### GIVEN DATA:
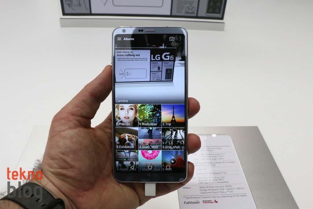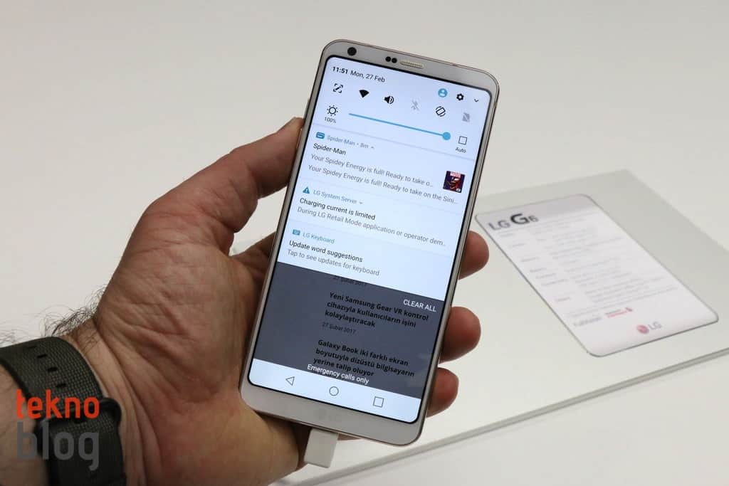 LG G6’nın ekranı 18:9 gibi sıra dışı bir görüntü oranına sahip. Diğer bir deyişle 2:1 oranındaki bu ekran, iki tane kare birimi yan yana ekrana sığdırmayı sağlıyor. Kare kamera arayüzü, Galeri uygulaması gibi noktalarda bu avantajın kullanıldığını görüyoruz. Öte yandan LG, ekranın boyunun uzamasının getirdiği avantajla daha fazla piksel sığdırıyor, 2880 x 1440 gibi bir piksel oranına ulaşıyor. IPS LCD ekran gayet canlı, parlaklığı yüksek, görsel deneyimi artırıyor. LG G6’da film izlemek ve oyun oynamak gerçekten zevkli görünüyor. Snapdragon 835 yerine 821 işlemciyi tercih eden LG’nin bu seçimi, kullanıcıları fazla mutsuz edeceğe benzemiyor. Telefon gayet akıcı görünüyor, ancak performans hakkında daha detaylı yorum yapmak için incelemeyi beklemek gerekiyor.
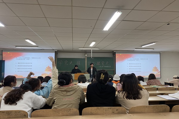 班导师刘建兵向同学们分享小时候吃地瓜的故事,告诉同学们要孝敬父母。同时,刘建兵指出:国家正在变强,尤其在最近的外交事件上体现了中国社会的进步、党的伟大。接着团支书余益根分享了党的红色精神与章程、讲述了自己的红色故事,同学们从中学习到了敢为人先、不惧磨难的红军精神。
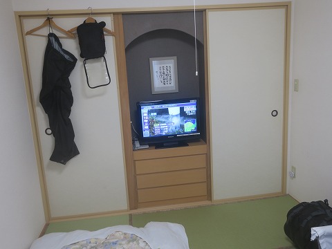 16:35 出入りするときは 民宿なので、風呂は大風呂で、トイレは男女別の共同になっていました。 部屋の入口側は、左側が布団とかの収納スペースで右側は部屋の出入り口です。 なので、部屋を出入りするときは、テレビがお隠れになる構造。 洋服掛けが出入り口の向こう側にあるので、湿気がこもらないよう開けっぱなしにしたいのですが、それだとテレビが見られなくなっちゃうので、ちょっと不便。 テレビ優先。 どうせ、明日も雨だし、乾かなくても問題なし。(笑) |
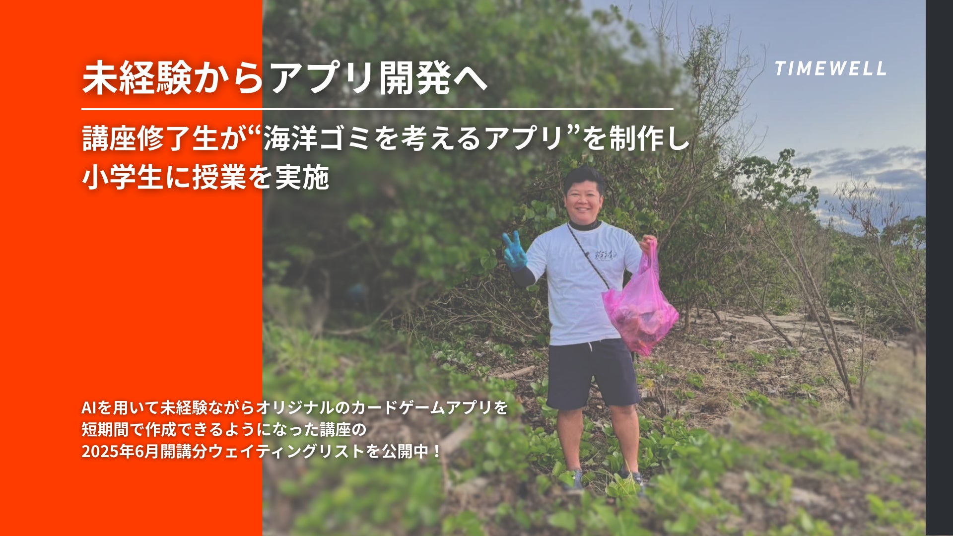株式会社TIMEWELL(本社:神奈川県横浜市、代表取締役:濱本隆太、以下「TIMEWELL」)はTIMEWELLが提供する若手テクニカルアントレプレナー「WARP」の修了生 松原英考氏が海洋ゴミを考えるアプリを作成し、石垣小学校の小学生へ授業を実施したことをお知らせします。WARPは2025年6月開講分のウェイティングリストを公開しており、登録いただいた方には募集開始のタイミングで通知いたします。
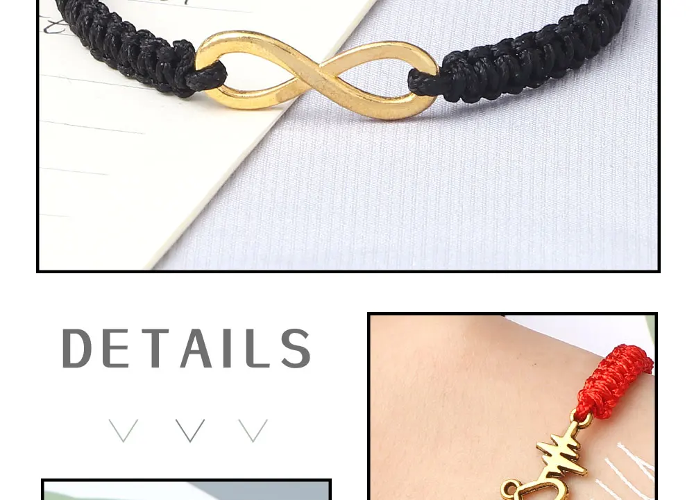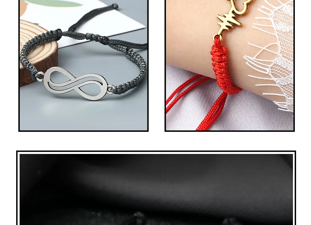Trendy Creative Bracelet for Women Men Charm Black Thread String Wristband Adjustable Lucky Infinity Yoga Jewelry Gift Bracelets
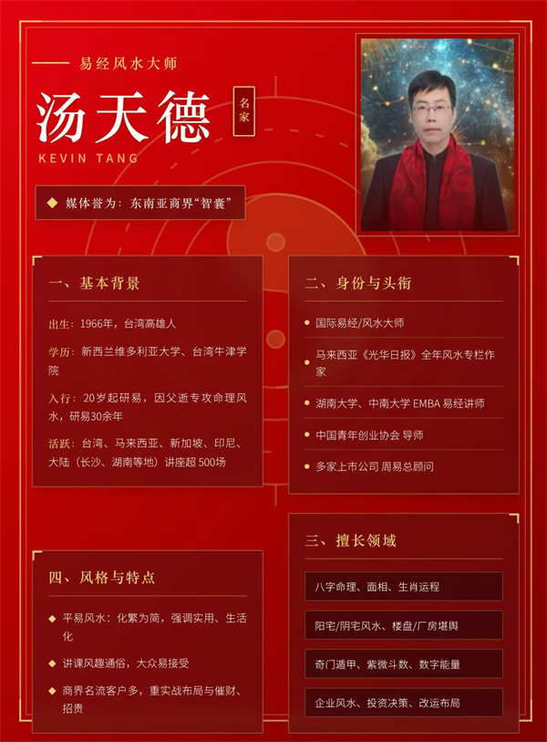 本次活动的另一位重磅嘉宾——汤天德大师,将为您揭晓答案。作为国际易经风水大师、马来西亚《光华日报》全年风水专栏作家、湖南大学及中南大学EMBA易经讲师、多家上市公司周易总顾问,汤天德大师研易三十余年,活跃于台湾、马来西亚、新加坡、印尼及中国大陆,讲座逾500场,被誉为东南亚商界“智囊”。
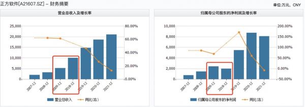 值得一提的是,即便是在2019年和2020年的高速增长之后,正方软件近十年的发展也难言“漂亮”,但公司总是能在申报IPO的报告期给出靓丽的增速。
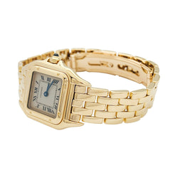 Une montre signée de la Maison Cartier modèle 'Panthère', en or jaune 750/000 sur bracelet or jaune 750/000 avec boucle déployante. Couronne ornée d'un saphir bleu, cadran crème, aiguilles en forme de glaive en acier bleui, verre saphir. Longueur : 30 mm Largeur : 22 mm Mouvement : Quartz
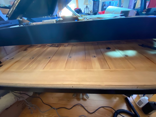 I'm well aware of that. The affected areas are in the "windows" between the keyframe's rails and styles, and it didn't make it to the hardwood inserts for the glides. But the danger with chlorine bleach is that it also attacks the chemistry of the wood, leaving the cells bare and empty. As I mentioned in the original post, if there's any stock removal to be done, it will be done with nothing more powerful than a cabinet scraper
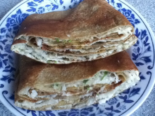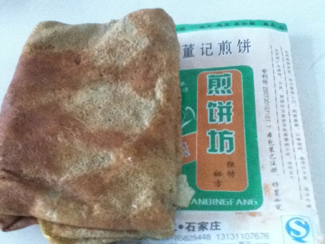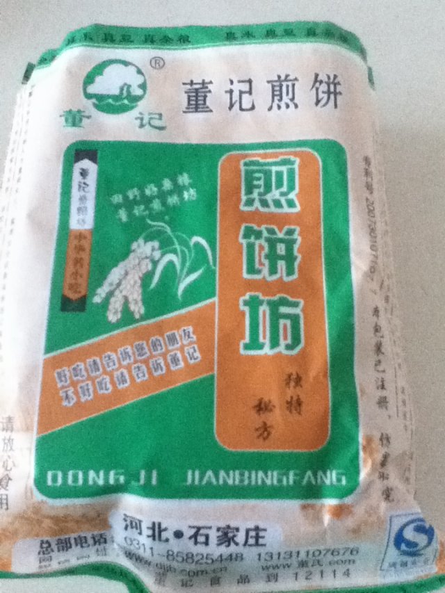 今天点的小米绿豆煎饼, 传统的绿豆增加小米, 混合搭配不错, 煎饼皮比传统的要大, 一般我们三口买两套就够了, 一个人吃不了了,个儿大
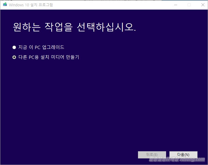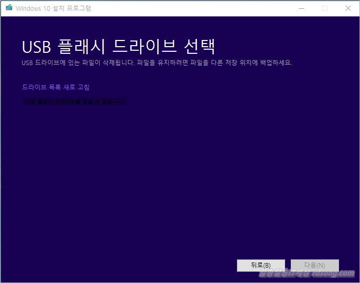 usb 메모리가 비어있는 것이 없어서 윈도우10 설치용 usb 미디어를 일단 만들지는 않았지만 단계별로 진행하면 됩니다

### WHAT IS EXPECTED:
Everything from the line containing "煎饼皮比传统的要大, 一般我们三口买两套就够了, 一个人吃不了了,个儿大" through the last line of the listing above must be output exactly, except the pictures.

### RESPONSE TO THE TASK:
 今天点的小米绿豆煎饼, 传统的绿豆增加小米, 混合搭配不错, 煎饼皮比传统的要大, 一般我们三口买两套就够了, 一个人吃不了了,个儿大
 usb 메모리가 비어있는 것이 없어서 윈도우10 설치용 usb 미디어를 일단 만들지는 않았지만 단계별로 진행하면 됩니다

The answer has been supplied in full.